[[ ENTRIES SHOWN open ]]

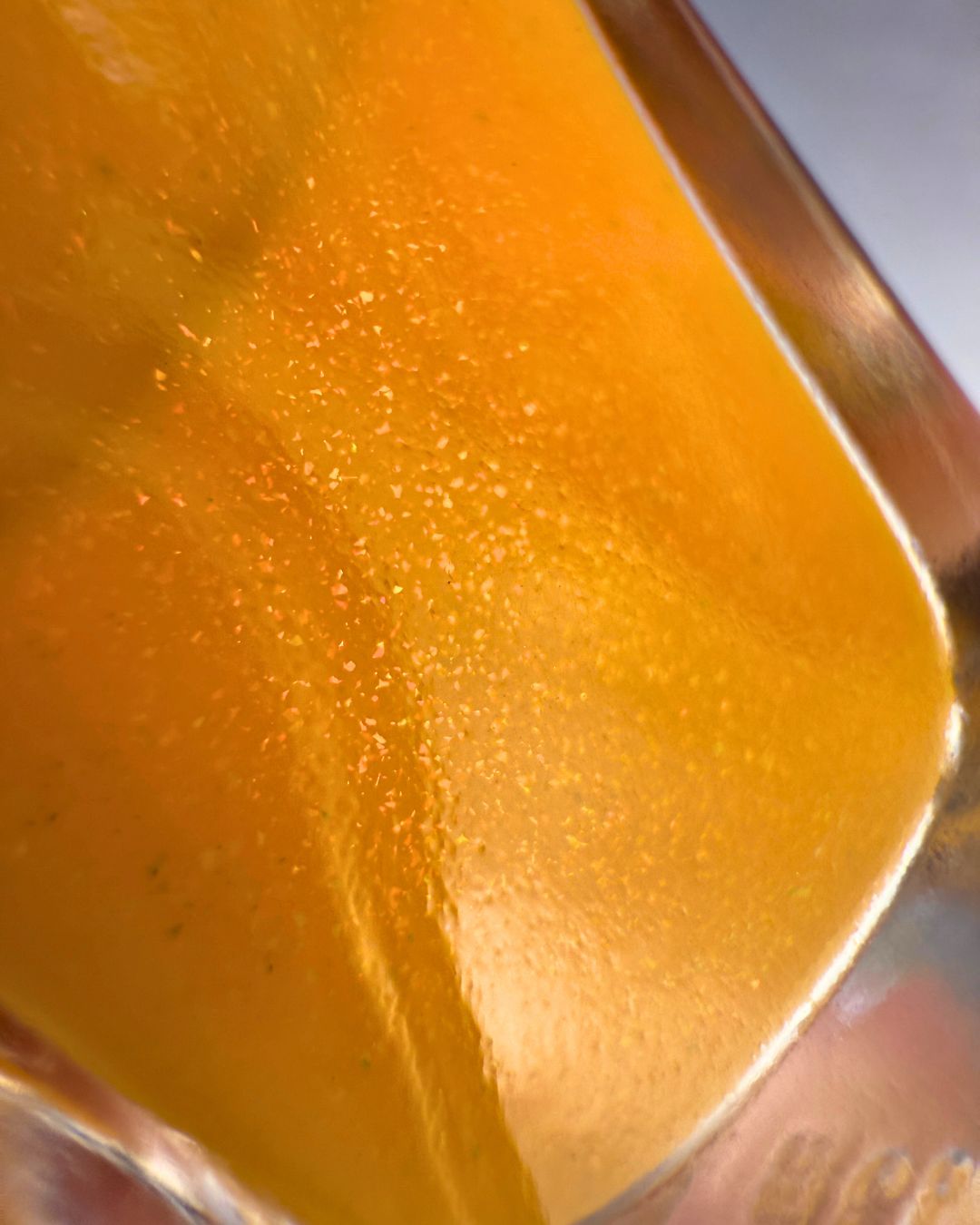 Tangy-Fingies is a tangerine jelly with color-shifting micro flakes that flash green, gold, and pink. This juicy, squishy formula builds up in 2-3 thin coats, giving a playful peek at your natural nail line beneath a wash of sunny citrus.
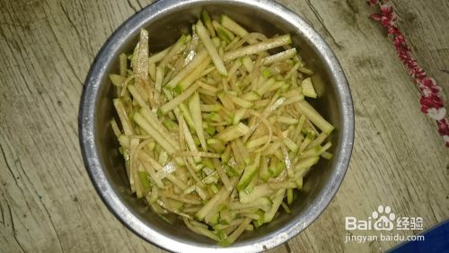 第五步将放凉的油倒进萝卜丝里,再放入切好的辣椒蒜等,最后将糖和醋生抽都倒一点在里面,所有的材料都放好后将萝卜丝多搅拌几遍,等待2个小时就可以吃了。新鲜开胃快来试一试吧。
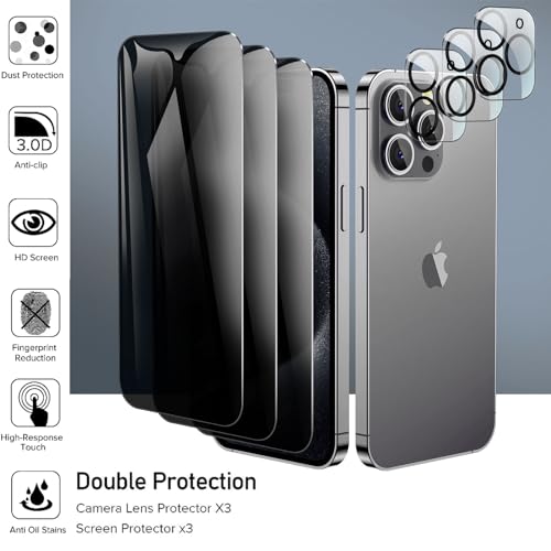 3+3 Pezzi - Pellicola Privacy per iPhone 15 Pro Max e Pellicola Fotocamera, Pellicola Prottetiva Anti Graffio, Vetro Temperato Film Anti-Spy, Senza Bolle, Vetro Protettivo per iPhone 15 Pro Max
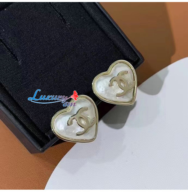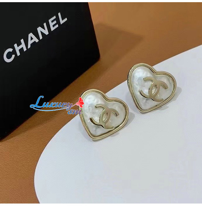 CHANEL-06091 샤넬 골드/화이트 하트 모티프 이어링
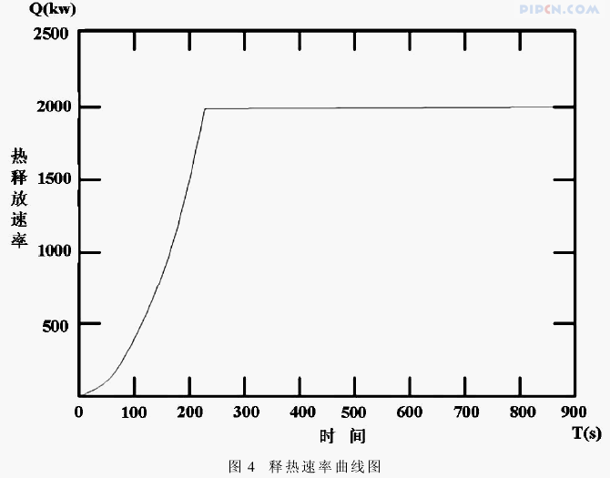 虽然讨论的场所空间不大,可燃物的构成也比较单一,但考虑到火灾的突发性和意外事故,采用较为保守的火灾增长方式,如图4所示。
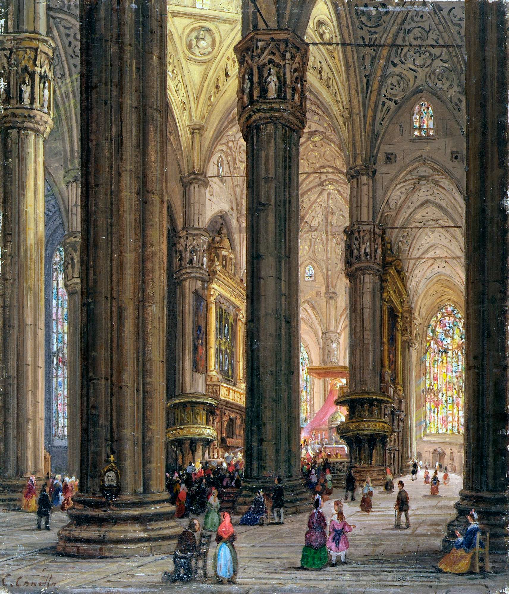 Meno noto del fratello Giuseppe, forse il paesaggista di maggior successo operante a Verona nella prima metà dell'Ottocento, Carlo Cannella predilesse, quali soggetti, le vedute di Verona, Venezia, Milano, Firenze e gli interni delle chiese delle medesime città , arricchendo le scene con la presenza costante di macchiette popolari di ascendenza fiamminga. Per quanto riguarda il dipinto "Interno del Duomo di Milano" probabile che si tratti della ripresa di un'opera analoga del fratello "Interno di una chiesa Gotica" (Milano, propr. Ongaro) datata 1837 (R. Bassi - Rathgeb, Il pittore G. Canella 1788 - 1847, Bergamo 1945, tav. XVI). Dal Catalogo della V Esposizione della Società Triestina di Belle Arti del 1844 risulta che un dipinto di Carlo Canella, titolato sempre "L'interno del Duomo di Milano", venne acquistato dalla stessa Società per 15 fiorini. Si sottolinea inoltre come esista una tela dal medesimo titolo (Vienna propr. Wollisch), firmata Canella minore (sic) e pubblicata su di una monografia dedicata al fratello Giuseppe (R. Bassi - Rathgeb,1945, tav. XXVII) che una versione, solo parzialmente difforme, rispetto al nostro quadro. Relativamente alla circolazione di queste opere nell'ambito triestino, possiamo ricordare che Carlo Canella partecipò anche alla III Esposizione della Società Triestina di belle Arti del 1843 con tre dipinti: "Parte di una casa rustica con figure e bestiame", "L'interno di una cucina" e "Cena nell'interno di una stanza". In essi sicuramente evidente una notevole analogia con la produzione del fratello, cosa che, d'altra parte, si riconferma anche nei due quadri conservati al Civico Museo Revoltella. A tal proposito si può notare come i personaggi popolari trovino i loro più puntuali modelli di riferimento in alcuni disegni di Giuseppe Canella ora conservati a Milano (Museo del Castello) fra i quali ricordiamo: "Chiesa di S. Eustachio a Parigi" e "Mercato a Parigi". Sulla presenza dei due fratelli alle esposizioni triestine, la Levi precisa: "Anche da Milano vennero paesaggisti e vedutisti, come Giuseppe Bisi [...], Luigi Riccardi ed i due Canella, Carlo e Giuseppe, quest'ultimo habituè alle esposizioni dei Kunstvereine tedeschi" (Levi, 1985, p. 19).

[[ ENTRIES SHOWN closed ]]

WHAT YOU WILL DO>
Repeat the data word for word; drop the pictures.

RESULT OF THE EXERCISE>
 Tangy-Fingies is a tangerine jelly with color-shifting micro flakes that flash green, gold, and pink. This juicy, squishy formula builds up in 2-3 thin coats, giving a playful peek at your natural nail line beneath a wash of sunny citrus.
 第五步将放凉的油倒进萝卜丝里,再放入切好的辣椒蒜等,最后将糖和醋生抽都倒一点在里面,所有的材料都放好后将萝卜丝多搅拌几遍,等待2个小时就可以吃了。新鲜开胃快来试一试吧。
 3+3 Pezzi - Pellicola Privacy per iPhone 15 Pro Max e Pellicola Fotocamera, Pellicola Prottetiva Anti Graffio, Vetro Temperato Film Anti-Spy, Senza Bolle, Vetro Protettivo per iPhone 15 Pro Max
 CHANEL-06091 샤넬 골드/화이트 하트 모티프 이어링
 虽然讨论的场所空间不大,可燃物的构成也比较单一,但考虑到火灾的突发性和意外事故,采用较为保守的火灾增长方式,如图4所示。
 Meno noto del fratello Giuseppe, forse il paesaggista di maggior successo operante a Verona nella prima metà dell'Ottocento, Carlo Cannella predilesse, quali soggetti, le vedute di Verona, Venezia, Milano, Firenze e gli interni delle chiese delle medesime città , arricchendo le scene con la presenza costante di macchiette popolari di ascendenza fiamminga. Per quanto riguarda il dipinto "Interno del Duomo di Milano" probabile che si tratti della ripresa di un'opera analoga del fratello "Interno di una chiesa Gotica" (Milano, propr. Ongaro) datata 1837 (R. Bassi - Rathgeb, Il pittore G. Canella 1788 - 1847, Bergamo 1945, tav. XVI). Dal Catalogo della V Esposizione della Società Triestina di Belle Arti del 1844 risulta che un dipinto di Carlo Canella, titolato sempre "L'interno del Duomo di Milano", venne acquistato dalla stessa Società per 15 fiorini. Si sottolinea inoltre come esista una tela dal medesimo titolo (Vienna propr. Wollisch), firmata Canella minore (sic) e pubblicata su di una monografia dedicata al fratello Giuseppe (R. Bassi - Rathgeb,1945, tav. XXVII) che una versione, solo parzialmente difforme, rispetto al nostro quadro. Relativamente alla circolazione di queste opere nell'ambito triestino, possiamo ricordare che Carlo Canella partecipò anche alla III Esposizione della Società Triestina di belle Arti del 1843 con tre dipinti: "Parte di una casa rustica con figure e bestiame", "L'interno di una cucina" e "Cena nell'interno di una stanza". In essi sicuramente evidente una notevole analogia con la produzione del fratello, cosa che, d'altra parte, si riconferma anche nei due quadri conservati al Civico Museo Revoltella. A tal proposito si può notare come i personaggi popolari trovino i loro più puntuali modelli di riferimento in alcuni disegni di Giuseppe Canella ora conservati a Milano (Museo del Castello) fra i quali ricordiamo: "Chiesa di S. Eustachio a Parigi" e "Mercato a Parigi". Sulla presenza dei due fratelli alle esposizioni triestine, la Levi precisa: "Anche da Milano vennero paesaggisti e vedutisti, come Giuseppe Bisi [...], Luigi Riccardi ed i due Canella, Carlo e Giuseppe, quest'ultimo habituè alle esposizioni dei Kunstvereine tedeschi" (Levi, 1985, p. 19).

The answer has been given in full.